Há um ano, enquanto as águas dos mananciais de Pelotas subiam sem trégua, a comunidade vivia um clima de apreensão e dúvidas sobre a enchente. Em meio às incertezas, uma iniciativa mudou o rumo da crise: a Sala de Situação, montada no 9º Batalhão de Infantaria Motorizado, reuniu especialistas da Universidade Federal de Pelotas (UFPel), militares e agentes públicos em uma operação inédita de monitoramento e tomada de decisões.

No dia 8 de maio de 2024, a Lagoa dos Patos registrou um nível de 2,12 metros — quase um metro acima da sua cota de inundação. No mesmo dia, a prefeitura anunciou a criação da Sala de Situação. A medida emergencial visava reunir forças de segurança e profissionais de diversas áreas em um único espaço, ao concentrar os encontros técnicos e planejar medidas de enfrentamento à crise climática em Pelotas e região.

Segundo o coordenador da Defesa Civil Regional, coronel Márcio Facin, a sobrecarga de sistemas de contenção e drenagem em outros lugares do RS foi um sinal de alerta. A partir daí, se intensificaram os contatos com a Sala de Situação Estadual e com os segmentos científicos da região, tais como profissionais da meteorologia, hidrologia, engenharia, oceanografia, matemática, física, cartografia, entre outros. “Estes foram imprescindíveis e permaneceram todo o tempo sentados ao nosso lado, voluntariamente”, avalia.

O trabalho coletivo e integrado permitiu um fluxo constante e preciso de informações, com ações coordenadas entre as instituições públicas dos municípios afetados pela enchente. Para Facin, sem esse espaço de interação, a resposta não teria a mesma qualidade. “A sala funcionou como um verdadeiro cérebro coletivo no momento da crise.”

Hidrologia ganha a cena

Outra figura importante daquele período foi da hidróloga da UFPel, Tamara Beskow. Desde setembro de 2023, sua equipe já atuava no gerenciamento de rios e arroios. Com as chuvas intensas de abril e maio, perceberam que as águas chegariam à região Sul e começaram a instalar réguas para monitoramento. Sem dados históricos públicos sobre a cheia de 1941, a cota daquela inundação (2,88m) foi recalculada a partir de uma foto antiga. Com isso, se projetou que o nível poderia chegar a 3,30m — o que ultrapassaria os diques da cidade.
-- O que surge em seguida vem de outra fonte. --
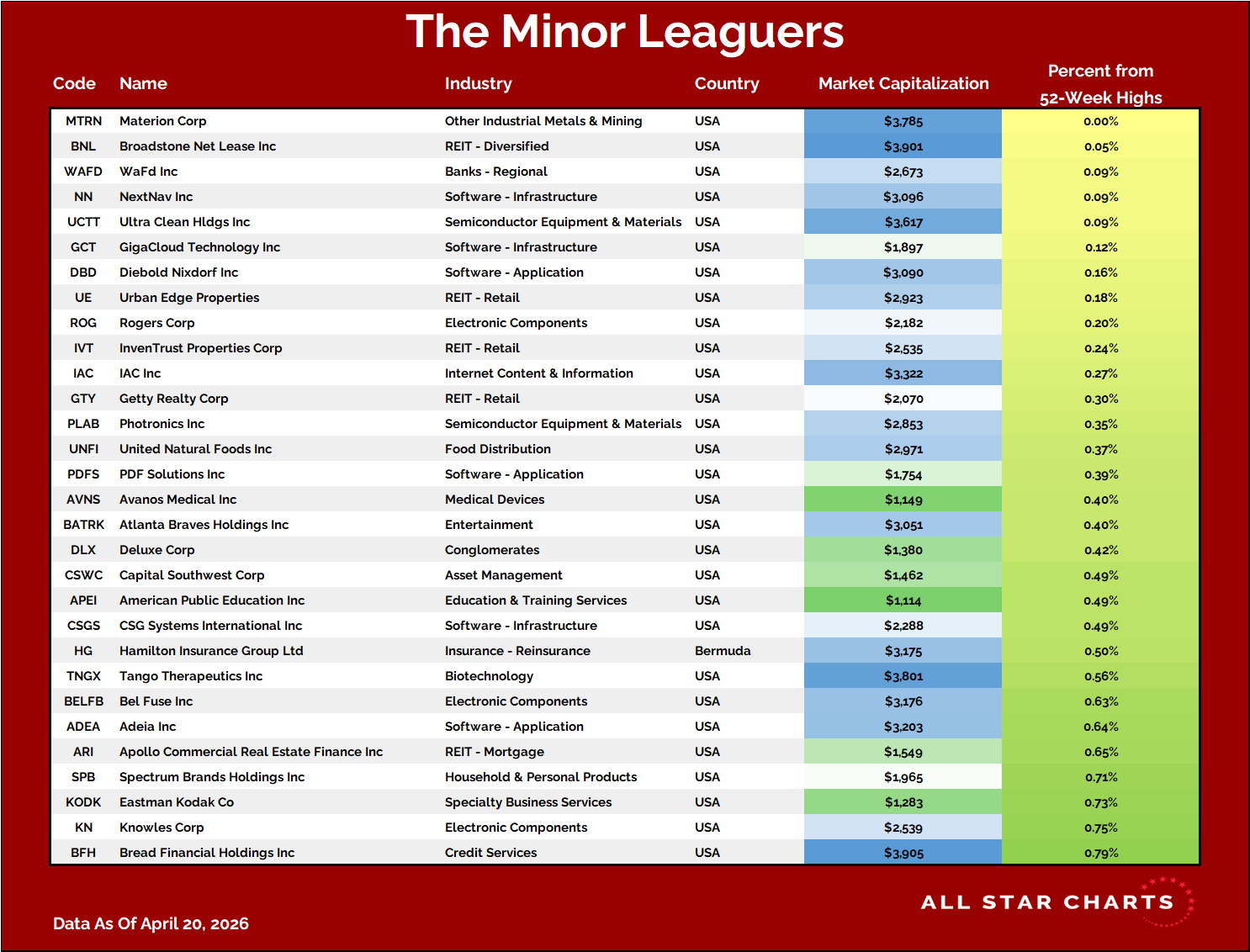 Nowadays, to make the cut for our Minor Leaguers list, a company must have a market cap between $1 and $4B.
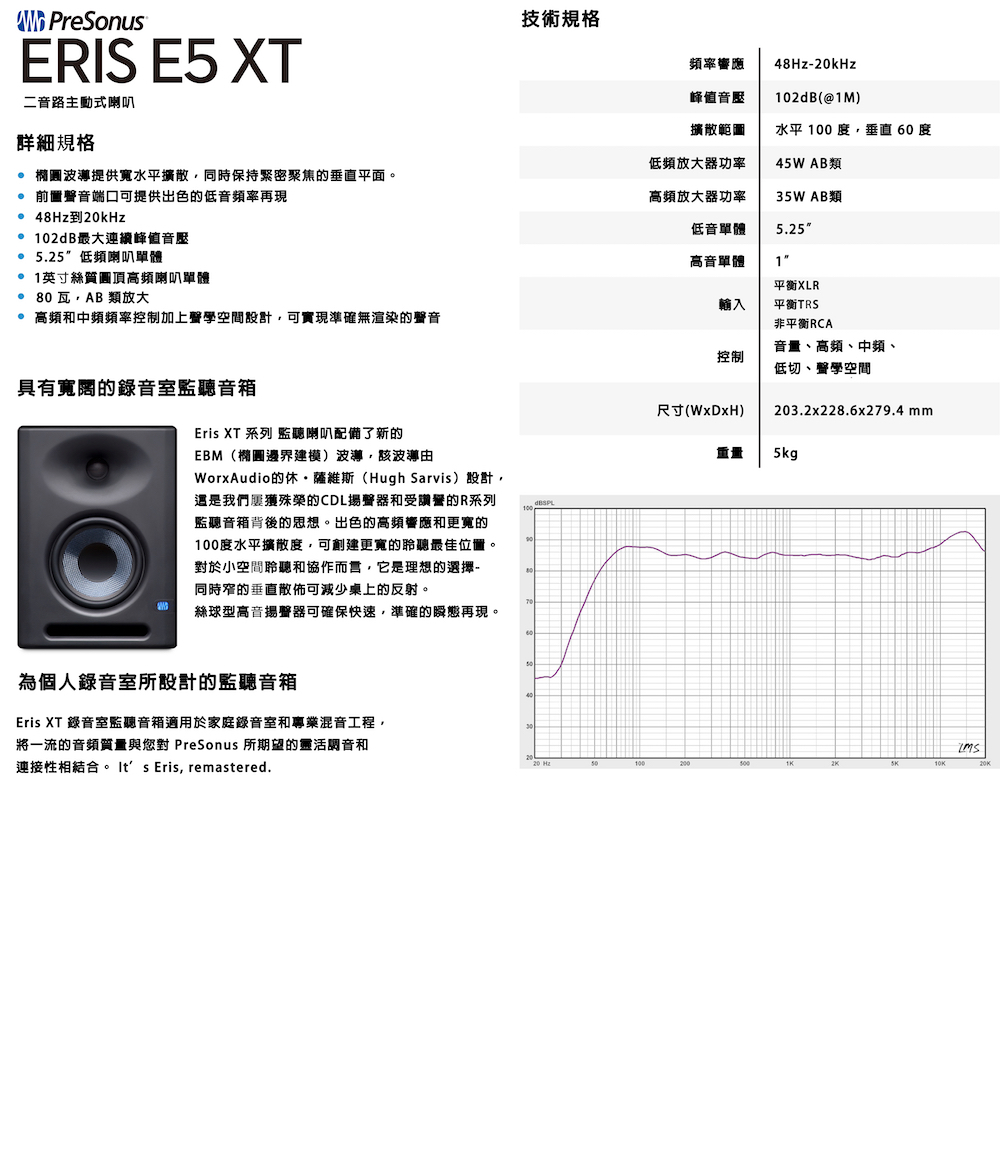 Presonus Eris E5XT 監聽喇叭 5吋單體、低頻加強 (一顆)
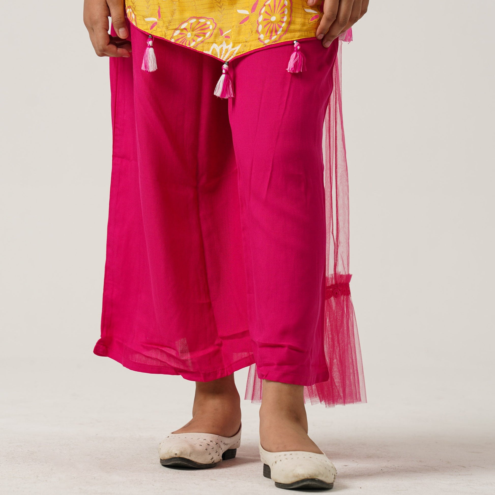 This elegant three piece set for girls is crafted from breathable linen and features screen print with intricate hand embroidery, enhanced with delicate tassel details. Paired with a soft mesh dupatta and flared bottom, it’s perfect for festive occasions and special events.
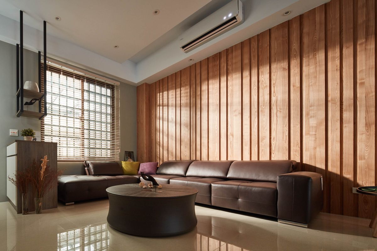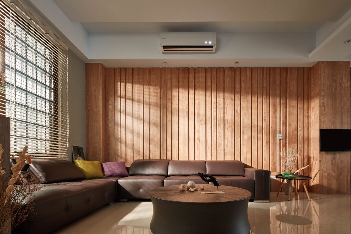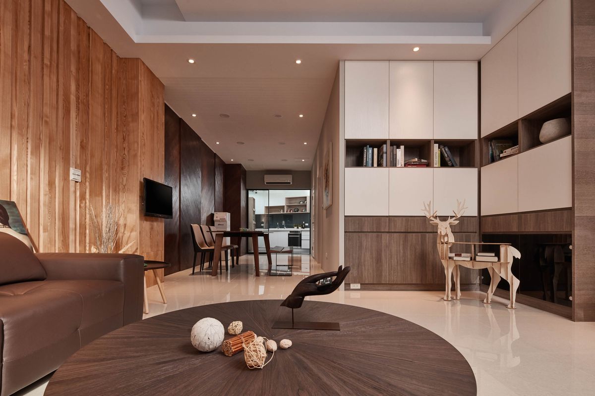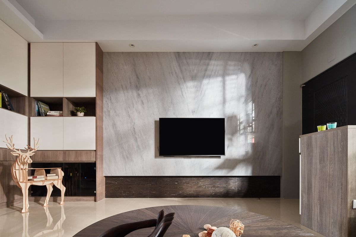 設計師將視聽設備妥善收整於收納櫃中,並透過整面大理石打造的電視牆使客廳視覺更為清爽乾淨,同時放大整體空間感。材質色調上以沉穩中性的木質為主,客廳背牆選用顏色較淺的栓木實木貼皮,在牆面上切分出粗細不同的溝槽線條,揉合自然光源,質樸溫馨的公領域空間便悠然而生。
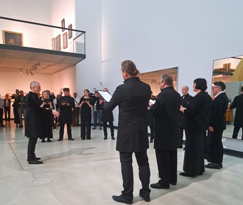 Nagu näituse pealkiri viitab, toob väljapanek kokku sealhulgas kunstniku Gerhard Richteri ja Arvo Pärdi. Nende kahe loomingut on ka varem koos esitletud, kuid antud näituse kontekstis on eriline see, et esimest korda eksponeeritakse Pärdi käsikirju väljaspool Eestit. Pärdi loomingus aitas kuraatoritel orienteeruda Arvo Pärdi keskuse kuraator Kai Kutman, kuid nõu ja jõuga aitasid teisedki inimesed mitmetes erinevates küsimustes. Sellises mahus kunsti ja muusika kokkutoomine oli näitusetegijatele põnev: Pärdi käsikirjaline materjal on väljas kunstinäituse kontekstis ja samaaegselt saab Lipsiusbaus maalide ja skulptuuride vahel jalutada, kõrvus Pärdi muusikapalad, mis kabelis kõlaritest vaikselt mängivad.
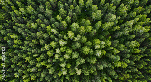 Aerial Perspective of a Dense Green Forest Canopy with Diverse Tree Varietals
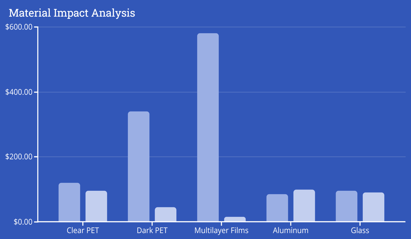 Detailed scoring of each packaging component for recyclability, reusability, and fee exposure. Identify cost-intensive materials for strategic redesign opportunities.

Foram feitos dois cenários: 1) se os diques aguentassem e a água não transbordasse; 2) se os diques não aguentassem e a água do canal São Gonçalo invadisse a área urbana da cidade. O mapeamento foi apresentado à prefeita Paula Mascarenhas (PSDB), que decidiu recomendar a evacuação de áreas de risco. A previsão foi coerente, mas o nível máximo ficou em 3,13m, 17 centímetros abaixo do imaginado.

Os diques resistiram, mas algumas áreas foram duramente afetadas. Para Tamara, o momento mais angustiante foi quando perceberam o risco real de uma tragédia urbana caso o sistema falhasse. “Quando percebemos que existia a possibilidade de a cota dos diques ser superada, tivemos uma sensação de angústia muito grande, pois nós estávamos de posse daquela informação”, ela relata.

Previsões meteorológicas

O impacto das previsões do tempo e das mudanças na direção do vento nos prognósticos também preocupava os agentes da Sala de Situação. O meteorologista do Centro de Pesquisas e Previsões Meteorológicas (CPPMet), Henrique Repinaldo, integrante da equipe de monitoramento, participou de todas as reuniões multidisciplinares. Para ele, o principal desafio foi estar mobilizado por horas a fio. “Praticamente, a gente ficou dedicado 24 horas àquela situação”, destaca.

Além de estar na linha de frente quanto ao monitoramento da situação, Repinaldo também foi uma vítima da cheia. Morador do Laranjal, ele precisou conciliar a vida profissional enquanto sua casa era afetada pela inundação. “Ao mesmo tempo que eu estava trabalhando com as previsões em reuniões, também estava evacuando a minha residência, tentando acomodar a minha família”, recorda.

Cuidado com a comunicação

Repinaldo também enfatiza o zelo com as informações durante a crise, para evitar pânico. Com a abertura das salas à imprensa, foi possível transmitir informações de forma mais clara e realista, o que ajudou no combate a boatos — como a falsa previsão de ondas de dez metros. Por fim, ele elogia a postura e clareza da prefeita Paula nas transmissões ao vivo, traduzindo as informações técnicas para uma linguagem acessível à população.

Solidariedade

Enquanto a sala de situação trabalhava para coordenar esforços e mitigar os impactos da enchente, um outro movimento espontâneo e essencial ganhava forma: o voluntariado. Em meio ao caos e à incerteza, cidadãos se mobilizaram para ajudar naquilo que fosse necessário, desde o acolhimento de pessoas desabrigadas até o resgate e cuidado de animais.

Acolhimento e desafios

Nos abrigos espalhados por Pelotas, a solidariedade era a principal ferramenta para enfrentar a crise. Carolina Soares, estudante de jornalismo e voluntária no abrigo da AABB, descreve as dificuldades do início da operação, quando a falta de informações centralizadas dificultava a organização.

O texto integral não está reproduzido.